Post-Desert Blues

Post-Desert Blues

[They say SpaceX has to first build a rocket before we can go to Mars, but from this vantage it looks like there’s a shortcut there.]

And so, inevitably, the withdrawal symptoms begin. Deserts are terribly difficult places to mentally leave behind; it has always been this way for me. Towards the end, I tried to hang on to every image of the Atacama for as long as possible – I watched as the airport shuttle kicked up a trail of dust as it trundled down the rocky roads of San Pedro, leaned over the plane seat for one more glimpse of the rusty red dunes as the plane headed higher into the blue.

Yet long after the dusty roads of the desert had faded from the rear view mirror, long after the winding canyons had fallen from the airplane window, the memories of the Atacama are still burnished into the mind, as vivid as if it were yesterday.

My very first desert was Antarctica – I’d gone there with the hope of discovering nature. Instead, on the last unconquered continent, I discovered humanity. Today, seven years on, the friendships and the stories that transpired from that trip remain a major influence on my life.

And already I know the Atacama will be the same.

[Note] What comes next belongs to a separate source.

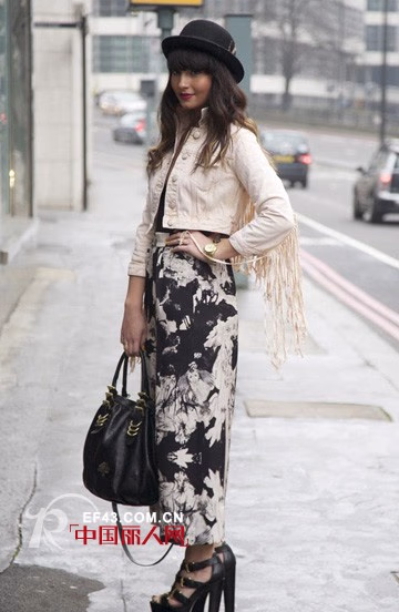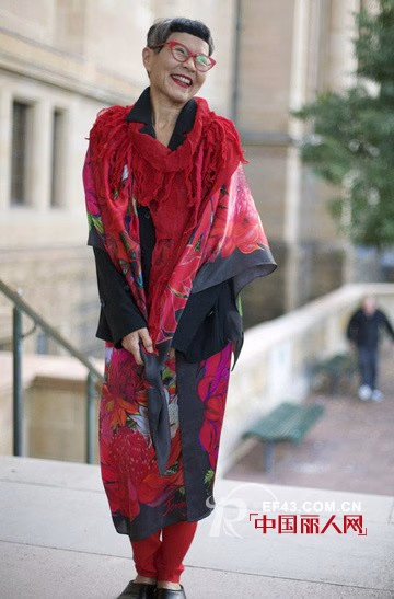 谁说花朵单品是年轻人的专利?看看这位时髦的前辈吧!红与黑的色调玩得炉火纯青,大花流苏披巾可做围在脖子上也可以随意地搭在肩膀上点缀全身装备,配上她的红框眼镜和爽朗笑容,花仙子从没有年龄之分!

It is a frustrating paradox of human nature that we always want what we can’t have. In the desert, I craved for hot showers and the simple sound of a flushing toilet. Now that I’m back in the midst of all these modern conveniences, all I really want is to be back in a sleeping bag in a tent laid out over a blasted terrain of uneven rocks, tossing and turning through the slow, frigid hours between dusk and dawn.

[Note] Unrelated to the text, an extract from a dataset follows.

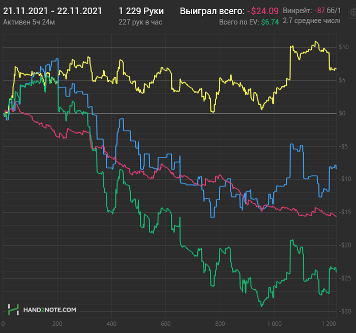 Подведу какие то итоги. За 2 месяца получилось с нл2 вывести около 1300 долларов. Что тот потратил, но 1100 долларов на специально заведенной для покера карте, остался. Могло быть и лучше, если бы не залудил 400 долларов. Бонусные деньги отмыл, поставил все на вывод. В данный момент покер начал мешать повседневной жизни, сбился график, бегаешь по ночам за китайскими, устаешь, весь день как зомби. Надо привести дисциплину в порядок, а потом играть.

It all sounds ridiculous until you’ve been there yourself.

I miss the stunning vistas of the Atacama – so rugged and alien we could’ve been on Mars or the moon. I even miss the sandstorms, which got so blustery they were tearing our checkpoint tents apart. But above all, I miss the people; I miss that incredible camaraderie we forged amongst ourselves – it was perhaps the one thing that tethered us to reality when things got a little loopy. In the end, perhaps the post-desert blues are less about the scenery and more about the people, our stories, and the fleeting life we carved out together in that arid, unforgiving land.